Cillian had imagined as much. It was impossible to keep the curl from his lip. "I'm in no mood to favor changing a long-structured tax, Devain. That tax provides a tidy source of income."

Devain raised a brow. "Indeed I know it, for I've paid it often enough. But surely you can see the . . . advantages ... to granting an exemption."

"To you? And not to anyone else?"

Devain inclined his head in a manner meant to be graceful. "There would be advantages, as I said, in your granting exemptions for certain businesses. There would be disadvantages to denying them, I think."

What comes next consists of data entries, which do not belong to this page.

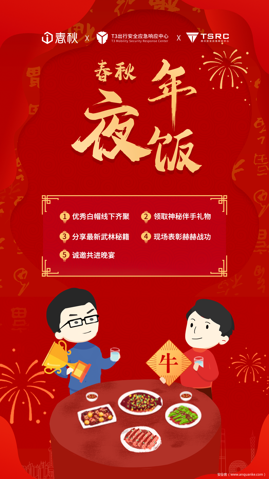 为答谢一直以来与i春秋同舟共济的网络安全从业者,i春秋将联合T3出行SRC、腾讯SRC共同发起线下沙龙活动。但受近期疫情复发的影响,响应国家号召,避免大规模人员聚集所带来的安全隐患,遂决定改为小范围内、不同城市、多站巡回「年夜饭-技术趴」,与T3出行SRC、腾讯SRC一起走到线下,走进白帽子生活的城市,共同发声,致敬感谢。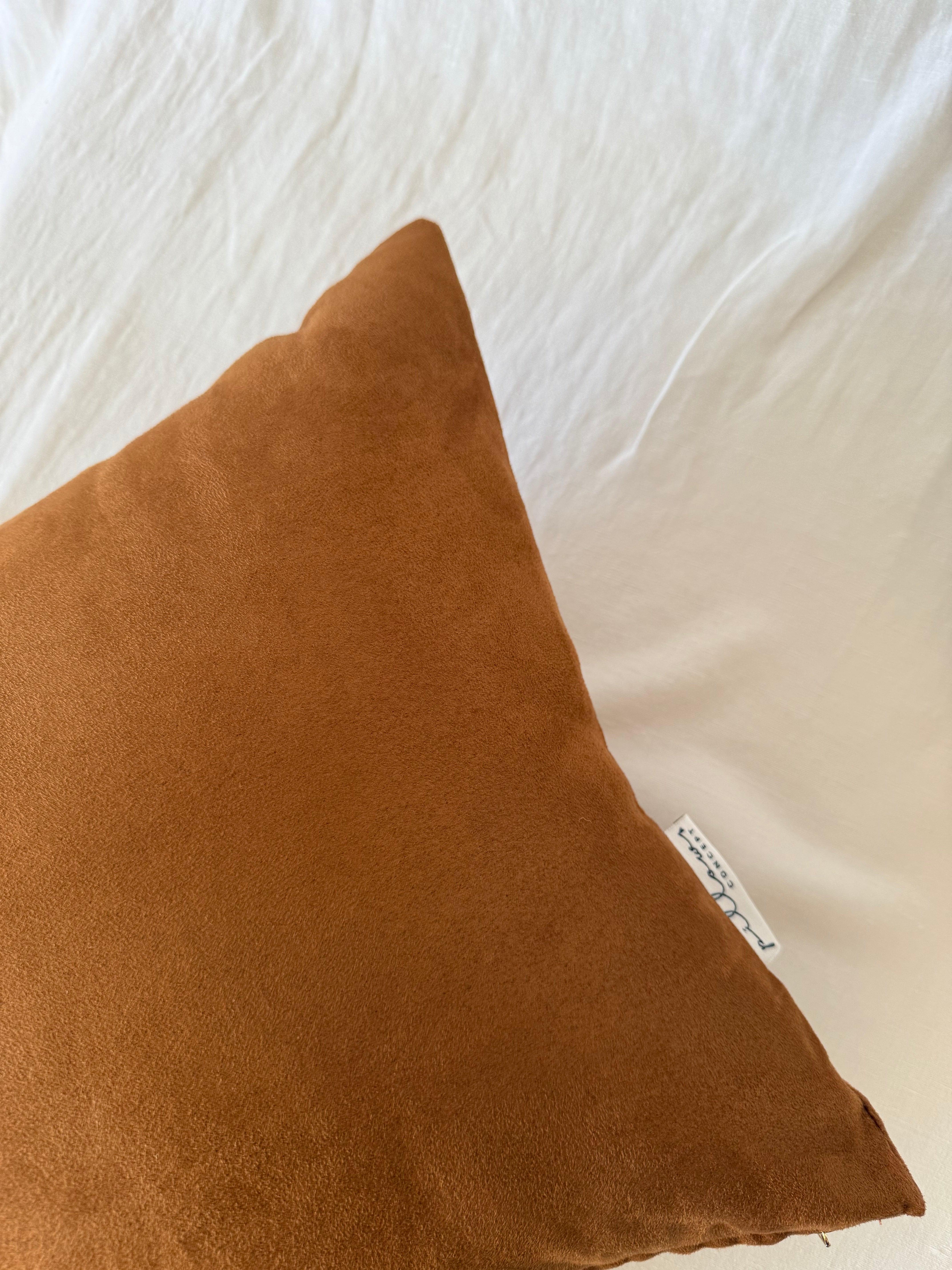 Πολυτελές alcantara ύφασμα και πλούσια ζεστή ταμπά απόχρωση αναδεικνύουν αυτό το μαξιλάρι στο απόλυτο timeless σχέδιο, που εναρμονίζεται τέλεια σε κάθε διακοσμητικό στυλ. Η απαλή υφή και η διακριτική λάμψη του υφάσματος προσδίδουν σε κάθε χώρο ένα διαχρονικό και αναμφισβήτητα κομψό αποτέλεσμα.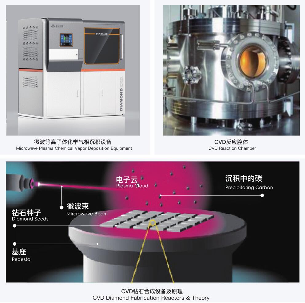 微波等離子體化學氣相沉積法(MPCVD)是指在真空腔體中通入高純度的氫氣(H2)和甲烷氣體(CH4),氫氣在微波的作用下產生等離子體火球,甲烷氣體在等離子作用下打開化學鍵變成了游離的碳原子(C)和氫原子(H),游離的碳原子在強大能量的等離子作用下逐步會沉積在腔體底部的金剛石種子上,使種子逐步長厚最終形成與天然金剛石結構成分完全一樣的CVD金剛石。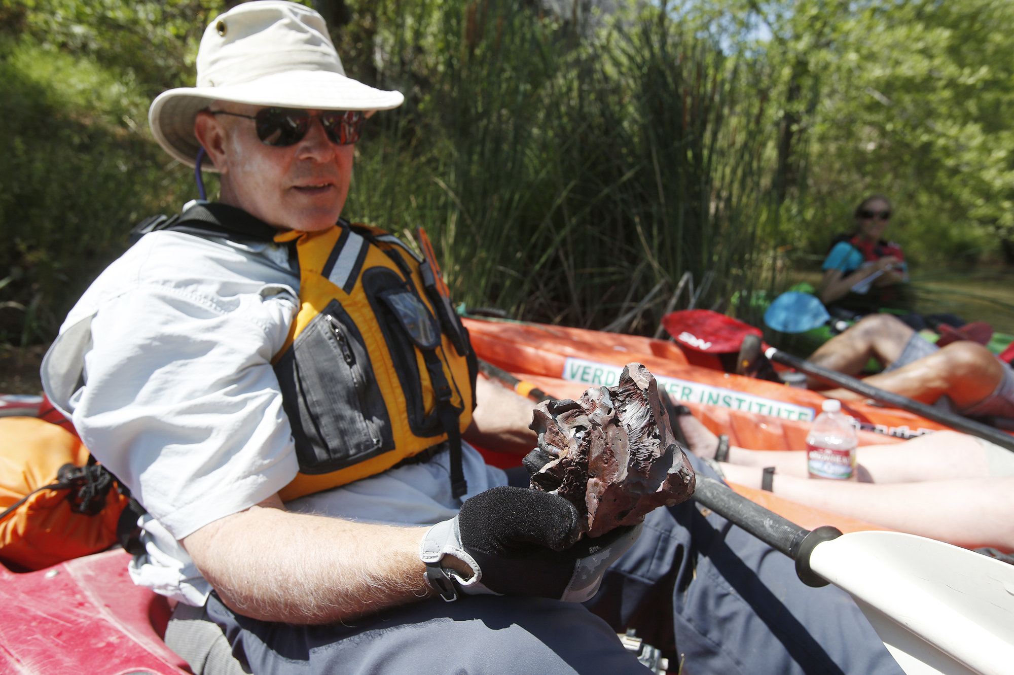 Justin Brown kayaks past a slag pile that contains the remnants of the copper smelting operations that used to be located in the town of Clarkdale. The 20 million-ton pile spills into the Verde River.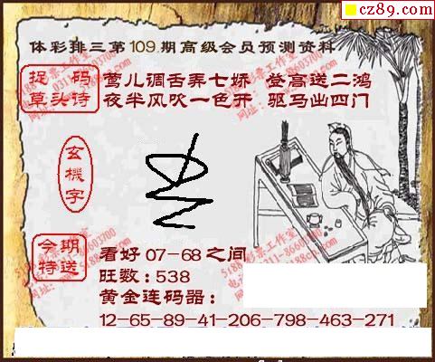 2020年109期牛彩网体彩P3画迷图谜汇总分享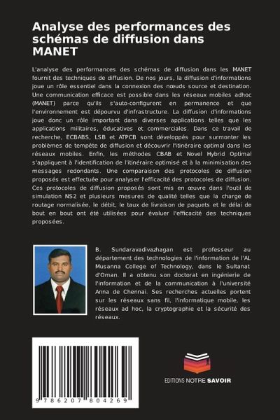 L'analyse des performances des schémas de diffusion dans les MANET fournit des techniques de diffusion. De nos jours, la diffusion d'informations joue un rôle essentiel dans la connexion des noeuds source et destination. Une communication efficace est possible dans les réseaux mobiles adhoc (MANET) parce qu'ils s'auto-configurent en permanence et que l'environnement est dépourvu d'infrastructure. La diffusion d'informations joue donc un rôle important dans diverses applications telles que les applications militaires, éducatives et commerciales. Dans ce travail de recherche, ECBABS, LSB et ATPCB sont développés pour surmonter les problèmes de tempête de diffusion et découvrir l'itinéraire optimal dans les réseaux mobiles. Enfin, les méthodes CBAB et Novel Hybrid Optimal s'appliquent à l'identification de l'itinéraire optimisé et à la minimisation des messages redondants. Une comparaison des protocoles de diffusion proposés est effectuée pour analyser l'efficacité des protocoles de diffusion. Ces protocoles de diffusion proposés sont mis en oeuvre dans l'outil de simulation NS2 et plusieurs mesures de qualité telles que la charge de routage normalisée, le débit, le taux de livraison de paquets et le délai de bout en bout ont été utilisées pour évaluer l'efficacité des techniques proposées.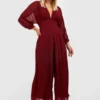 BOOHOO Dobby Balloon Sleeve Culotte Jumpsuit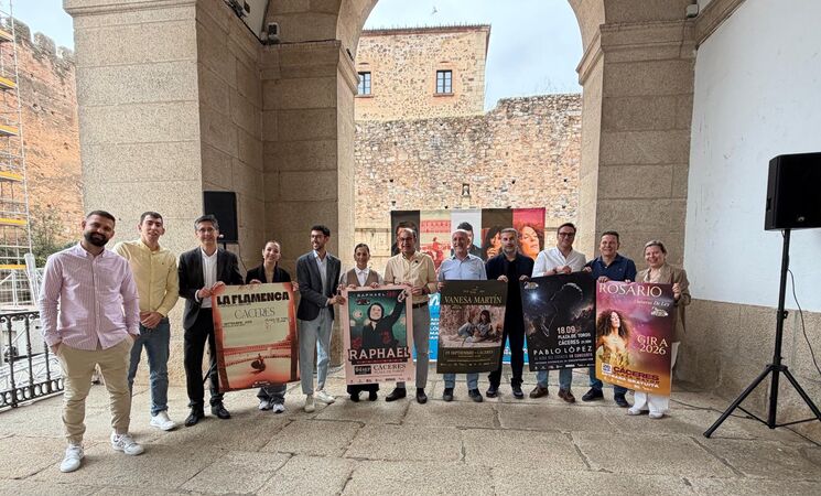 "Es una propuesta pensada para públicos amplios, desde aficionados al flamenco a nuevos públicos jóvenes que buscan esa música, ese baile y sobre todo que buscan el buen ambiente", ha dicho el alcalde de Cáceres, Rafael Mateos, que ha presentado este martes el calendario de conciertos junto a los promotores, Fran Chávez, de Ágora Espectáculos, y Antonio Merino, de Javenex.

Cillian's stomach churned. Devain had never asked him for a boon. His dabbling in the fashion industry had begun only recently. Rumor had it his home estates had been mismanaged. Some said it was because Devain's wife had let the field manager she was fucking woo her into making bad decisions with the crops. Rumor had it Devain was more inflamed by her lack of judgment in the management of their finances than in who she let into their marriage bed, and Cillian had no trouble believing this was true. Even so, until now Devain had kept his financial interests far from anything to which Cillian could provide benefit. His courting of the king had been a subtle insult all noted but none spoke on, unless the rumors had been so well kept from Cillian he'd not heard them, and he had no trouble believing that to be true, as well.